Rent decline may be the real miracle on 34th street

In this May 16, 2017 Mann Report column, Debra Hazel examines how major department store owners along the 34th Street corridor are working to unlock the value of their prime Manhattan real estate.
As traditional retail faces continued pressure from e-commerce, companies such as Hudson’s Bay Co. and Macy’s are exploring large-scale mixed-use development above their flagship stores. Proposed projects include office space, residential units, and hotel towers, reflecting a broader strategy to diversify revenue beyond retail operations. Hudson’s Bay has formed joint ventures to monetize dozens of properties, while Macy’s retained Brookfield Asset Management to develop plans for approximately 50 owned and leased sites.

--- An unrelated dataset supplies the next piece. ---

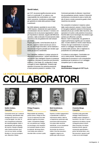 per CGT, sicurezza significa lavorare senza rischi e in continuit%u00e0. E%u2019 un valore e una responsabilit%u00e0 che condividiamo con i nostri clienti: prevenire, monitorare e proteggere per garantire la tutela delle persone e degli investimenti. Nel 2024 abbiamo ascoltato la voce di oltre 1.000 imprese, chiedendo loro quali soluzioni considerassero davvero decisive. %u00c8 emerso con chiarezza che la sicurezza rappresenta il valore pi%u00f9 importante in assoluto, seguito dall%u2019efficienza operativa, dalla continuit%u00e0 di funzionamento delle macchine e da una gestione dei costi sempre pi%u00f9 mirata.Proprio per questo, come facciamo da pi%u00f9 di 90 anni, vogliamo essere ancora pi%u00f9 vicini a voi, con tecnologie innovative, servizi dedicati e soluzioni tecnologiche pensate per rendere ogni scelta pi%u00f9 sicura e sostenibile.Con Caterpillar, mettiamo in campo soluzioni di ultimissima generazione: i sistemi anticollisione con sensori ottici intelligenti rilevano la presenza di persone e fermano le macchine per prevenire incidenti; il Cat Grade 3D, configurato in base a progetti di scavo digitalizzati, consente agli operatori di lavorare con estrema precisione e meno persone presenti in cantiere; il Cat Kaitlin Hobbes, CaterpillarConsulente senior per i contenuti di marketing, specializzata nella strategia del marchio su canali e mercati digitali. Con oltre 10 anni di esperienza nell%u2019ambito del marketing digitale, Kaitlin %u00e8 specializzata nello storytelling del marchio. Risiede a Raleigh, nella Carolina del Nord, dove vive con suo marito, sua figlia Brooklyn e i loro due energetici cani, Maverick e Diesel.Philipp Pongracz, AvescoResponsabile del marketing presso Avesco, Philipp ha oltre 15 anni di esperienza sia nelle attivit%u00e0 di agenzia che presso i clienti. Competente stratega con una passione per il design e la tecnologia, ama l%u2019equilibrio tra il pensiero basato sui dati e la creativit%u00e0. Nel tempo libero, i suoi hobby sono andare in mountain bike e correre in pista.Matt Hendrickson, CaterpillarEsperto in ambito ingegneristico e specializzato in sistemi di trasmissione elettrici, Matt ha un%u2019esperienza ventennale nella promozione dell%u2019innovazione nel campo delle macchine elettrificate. Le sue competenze onnicomprensive vanno dai dumper da miniera ai trattori. Ama fare escursioni, viaggiare e seguire una partita ogni volta che pu%u00f2.Charlotte Moagi, CaterpillarCharlotte %u00e8 alla guida della strategia Trasformazione e B-BBEE presso Caterpillar in Sud Africa. Con oltre 17 anni di esperienza nel settore e lauree conseguite presso la NorthWest University e la Henley Business School, apporta conoscenze approfondite e grinta. Nel tempo libero, ama fare escursioni, giocare a golf e stare con la sua famiglia.LE FONTI DI ISPIRAZIONE DEI NOSTRICOLLABORATORIGentili lettori,Command permette di utilizzare i macchinari da una postazione remota, mentre il VisionLink contribuisce a monitorare le aree a rischio del sito di lavoro e aiuta a prevenire guasti e fermi macchina non previsti.Per consentirvi di estrarre il massimo valore dalle nostre soluzioni, presso il Centro Scuola di Carugate eroghiamo sessioni di formazione dedicate all%u2019uso pi%u00f9 corretto delle macchine, alle operazioni di routine e alle pratiche di sicurezza favorite dalle nuove tecnologie che rendono ogni cantiere pi%u00f9 efficiente e protetto.Ridurre i rischi %u00e8 essenziale, ma garantire le migliori performance significa per noi andare oltre. Il nostro obiettivo %u00e8 anche creare fiducia. Fiducia che ogni investimento in sicurezza diventi un vantaggio misurabile in termini di salute delle persone, oltre a migliorare la produttivit%u00e0 e la continuit%u00e0 operativa.Vi invitiamo a coinvolgerci. Condividete con noi le vostre priorit%u00e0. Insieme possiamo trasformare la sicurezza in una consuetudine quotidiana per le persone e in un vantaggio competitivo per la vostra azienda.Giorgio BrennaAmministratore Delegato di CGT S.p.A.Cat Magazine 3

The article also outlines a larger trend of retailers separating or leveraging their real estate assets. Hedge funds have encouraged companies like Macy’s to spin off property holdings, with some valuations suggesting the real estate may be worth more than the retail business itself. Similar strategies have been pursued by Sears and others through REIT transactions and asset sales.
At the same time, 34th Street continues to evolve at the street level. Target announced a smaller format store near Penn Station, and brands such as QVC, HSN, and Amazon have explored physical retail locations in the area. With retailers like bebe closing stores and asking rents declining, Herald Square may be entering a period of repositioning and renewed opportunity.